* _What the task requires_:
Once the pictures are set aside, transcribe each line of the listing exactly.

* _Available data_:
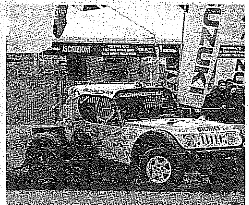
Un'esibizione all'interno di 4x4
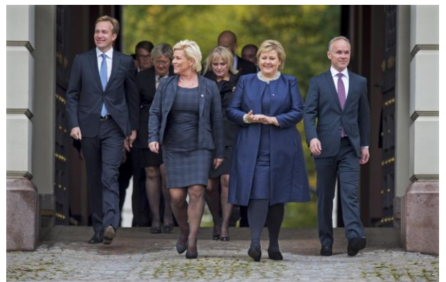
Børge Brende, Siv Jensen, Erna Solberg og Jan Tore Sanner etter regjeringsskifte i oktober.

I forkant av stortingsvalget 2013 arbeidet SLUG med å få god gjeldspolitik inn i alle partiprogrammene . Arbeidet bar definitivt frukter, og både Sosialistisk Venstreparti (SV), Kristelig Folkeparti (KrF) og Venstre hadde utfyllende politikk på gjeld i sine programmer. Særlig positivt var det at flere partier løftet frem retningslinjer for Oljefondets investeringer i statsobligasjoner som viktig, noe det ikke har vært mye debatt om siden 2010. På tross av at gjeld ikke nevnes i Høyres partiprogram, og bare så vidt skrives om i FrP
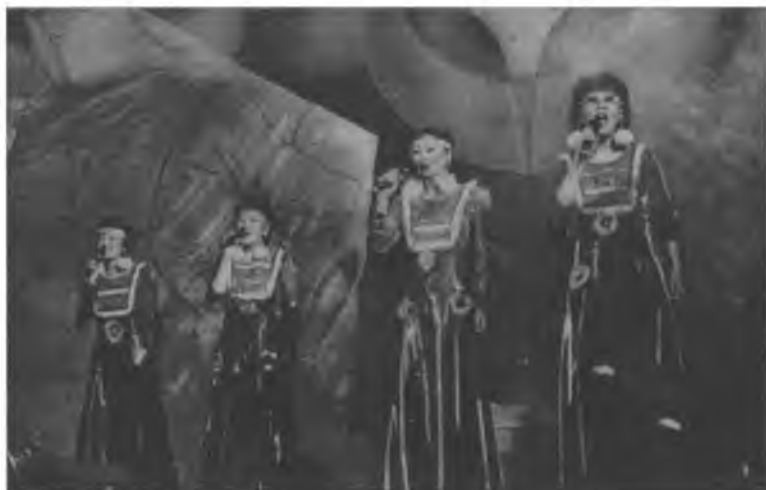
«Осикта» бүлэг (Буряад Республика)

* _Exercise output_:
Un'esibizione all'interno di 4x4
Børge Brende, Siv Jensen, Erna Solberg og Jan Tore Sanner etter regjeringsskifte i oktober.

I forkant av stortingsvalget 2013 arbeidet SLUG med å få god gjeldspolitik inn i alle partiprogrammene . Arbeidet bar definitivt frukter, og både Sosialistisk Venstreparti (SV), Kristelig Folkeparti (KrF) og Venstre hadde utfyllende politikk på gjeld i sine programmer. Særlig positivt var det at flere partier løftet frem retningslinjer for Oljefondets investeringer i statsobligasjoner som viktig, noe det ikke har vært mye debatt om siden 2010. På tross av at gjeld ikke nevnes i Høyres partiprogram, og bare så vidt skrives om i FrP
«Осикта» бүлэг (Буряад Республика)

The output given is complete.